Thinking we might glean some helpful life tips, we asked Joyner to clue us in on one small part of his daily routine: what he keeps on his bedside table. “I’m surrounded by stuff, but I do my best to be a minimalist about most things,” Joyner says. “That frees up life space so you can be a maximalist about a few things. I tell people that to be a maximalist, you first need to be a minimalist.”
I like short stories because you don’t have to commit to anything long. My favorite short story written in English is “The Swimmer” by John Cheever.
I’m usually reading some sort of longer nonfiction book, like a biography or military history. I like Stephen Ambrose’s book Eisenhower: Soldier and President. Ike is an underrated president who showed good judgment and had trust in the average person. He also had incredible foresight about where the world was heading. This video of a speech he gave at the Metropolitan Museum of Art after World War II is one of the greatest short explanations there is of the relationship between Western civilization and democracy. It’s especially telling in today’s world, and the power of Eisenhower’s simple Midwestern English and humility is especially impressive.
The Timex Ironman 100 digital watch is the only monitoring device I have. I use it to interval train. With interval training, you learn to manage your suffering and relax while doing something challenging.
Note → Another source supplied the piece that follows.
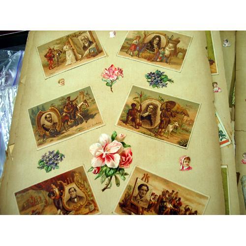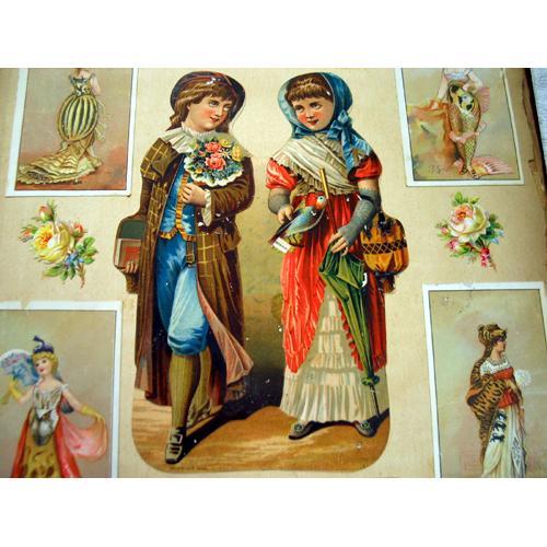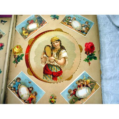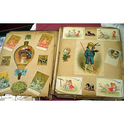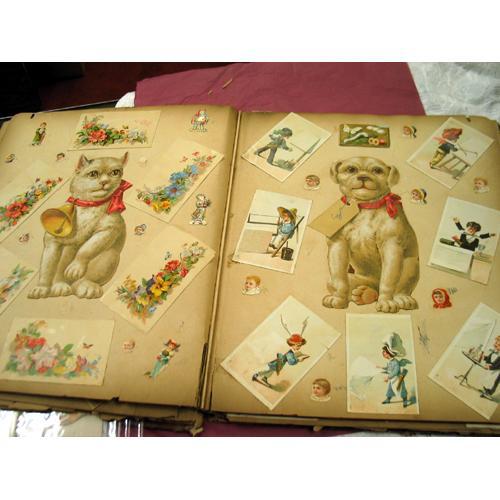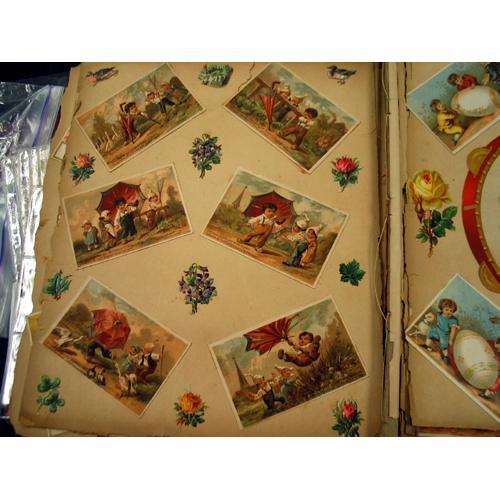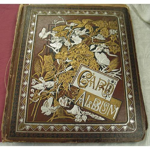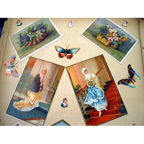 Embossed and painted card album filled with Victorian calling card die cuts, postcards and other pieces of ephemera - see images. Book is falling apart and the pages are tattered. The pieces are glued to the pages, still a very nice collection. As is

As I said a long time ago, all serious endurance athletes are closet religious mystics. Plus, the watch is also my alarm.
Richard Wright’s Haiku is quite a collection. I read haikus because I think there’s great skill in saying something profound or evocative in a few words. I once wrote a running haiku that went like this:
Run a lot of miles
Some faster than your race pace
Rest once in a while
I still have an old landline phone on my bedside table. I got the phone a million years ago. Why do I have a landline still? The only answer I’ve got is that I’m 58 and I just can’t quite cut the cord. It’s an archaic version of something like this one.